Он умолк, отпил вина и отправил в рот оливку. Лев тоже поднес к губам кубок, искоса разглядывая Иоанна. Грамматик выглядел не просто спокойно, а как-то умиротворенно; всё такой же худой, немного бледный, но не болезненно, почти совсем седой, в поношенном хитоне и старой мантии; те же изящные точные движения, та же неуловимая улыбка. Однако Лев мог отметить и перемену: в глазах «великого софиста» больше не было заметно металлического блеска и той жесткости, которые нередко проглядывали в них раньше, когда Грамматик говорил о людях, к которым не испытывал добрых чувств.

– Да, – наконец, сказал Лев с улыбкой, – ты похож на придворного философа на покое!
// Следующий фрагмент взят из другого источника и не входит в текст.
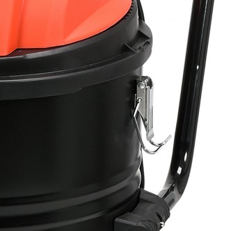 Obudowa odkurzacza została wykonana z trwałych, metalowych materiałów, dzięki czemu odkurzacz jest odporny na uszkodzenia zewnętrzne. Pokrywa odkurzacza zamykana jest na solidne, metalowe zatrzaski. Zapobiega to niechcianemu i przypadkowemu otwarciu pokrywy. Zatrzaski gwarantują też solidność pracy oraz zapobiegają dostaniu się do środka niechcianych elementów.

– Я, в общем, он и есть, – улыбнулся в ответ Иоанн. – Так уж вышло, что немалая часть моей жизни прошла при дворе. Впрочем, благодарение Богу, государи, которых мне довелось близко знать, были далеко не худшими представителями человеческого рода и, думаю, вполне достойно носили пурпур.

– Особенно государь Феофил!

– О, да! И в том, что он был именно таким, есть и моя скромная заслуга.

– Думаю, твоя заслуга тут наибольшая, не скромничай! Правда, иногда мне приходит мысль... Тебе никогда не было обидно из-за его предсмертного обращения? Ведь в конце концов, можно сказать, ты был побежден, да еще женщиной!

– Что ж! Женщины сильнее всех, как сказал Ездра. Побежден? Только частично. Государь ведь не изменил тому образу жизни, которому я научил его: он был императором-философом, таким и остался, а это главное, ведь именно этому я учил его прежде всего. А что до перемены веры, то здесь нет ничего странного. Победа приходит там, где больше любовь. Неудивительно, что любовь между мужчиной и женщиной оказалась сильнее, чем между учителем и учеником, если это та любовь, которую Платон называл притяжением половин целого.

– Значит, по-твоему, здесь дело только в женщине, а не в Истине? – спросил Лев, пристально глядя на Грамматика. – А как же быть с этим? – он указал взглядом на икону на стене.

– Это всего лишь произведение художественного искусства, – ответил бывший патриарх с еле заметной улыбкой.

– Остаться неразгаданным до конца! – сказал Математик с некоторой грустью.

– Нет, не то, – Иоанн чуть помолчал. – Полностью открыться другому человеку возможно, и это бывает прекрасно, но я считаю, что такой опыт можно позволить себе лишь один раз в жизни. У меня этот один раз уже был.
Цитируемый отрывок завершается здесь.